A national network would allow Telewest to provide services to other companies in its extensive franchises, which covers 3.7 million homes.
International CableTel, the country's third-largest cable operator, bought NTL, the television transmission company, earlier this year, as a move towards creating a similar national network for telephony services.
Telewest's new residential pricing scheme, first revealed in the Independent earlier this month, includes an undertaking that the company will beat BT on all residential phone calls, barring "one-off" discounts such as BT's "surprise special".
It is also offering a 20 per cent discount on bills over pounds 20 a month, not counting line rental. It is expected to introduce number portability in the autumn, in a further move to attract new customers.
Alan Michels, chief executive, said: "We want to make it easy for our customers. We're not going to confuse them with special offers, or schemes to join every few days or weeks."
His comments were directed at BT, which has offered a range of discounts, including its Friends and Family scheme, in response to aggressive pricing from the cable companies.
"Our discount schemes make our service very competitive," a BT spokesman said. "Far from being confusing, they are very straightforward."
The residential and business telephony markets have helped to fuel cable's growth in the UK. According to a report by Kleinwort Benson, published this week, Telewest is "now in a position to start building a national brand previously lacking in the UK". Kleinwort argues that new services, such as high-speed Internet access, will generate additional revenues, and sets a target price of up to 250p a share, compared with last night's close of 167.5p.
Telewest is also moving ahead on the cable television front, confirming yesterday it would offer the new Sega games channel in the UK. Owned by Sega, Time-Warner and TCI, the channel is distributed in the UK by Flextech, the pay-TV programmer.
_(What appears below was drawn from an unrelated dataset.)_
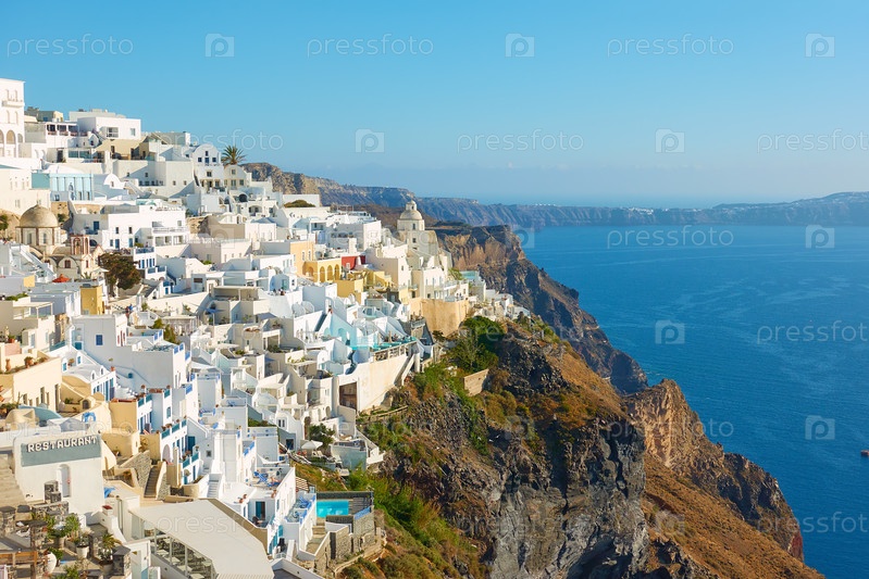 Город Фира на побережье Санторини в Греции

It will also be launched on the Continent.
Subscribers will be able to download and play up to 25 games a month for a fee of pounds 10. They will need a Sega Mega Drive system, a cable link and a connecting adaptor.
Roger Luard, chief executive of Flextech, said the new service would be rolled out by other UK cable companies in coming months. Telewest and Flextech have a common parent, TCI, the giant US entertainment and distribution company.
Meanwhile, Flextech said yesterday that negotiations with Rupert Murdoch's Fox entertainment arm about the sale of a stake in the Children's Channel, had ended "amicably." Fox had been discussing the purchase of a 50 per cent stake in the Flextech channel, which now may be offered to other broadcasters.
While Flextech declined to comment, it is understood that Cox Communications and Pearson could be potential partners.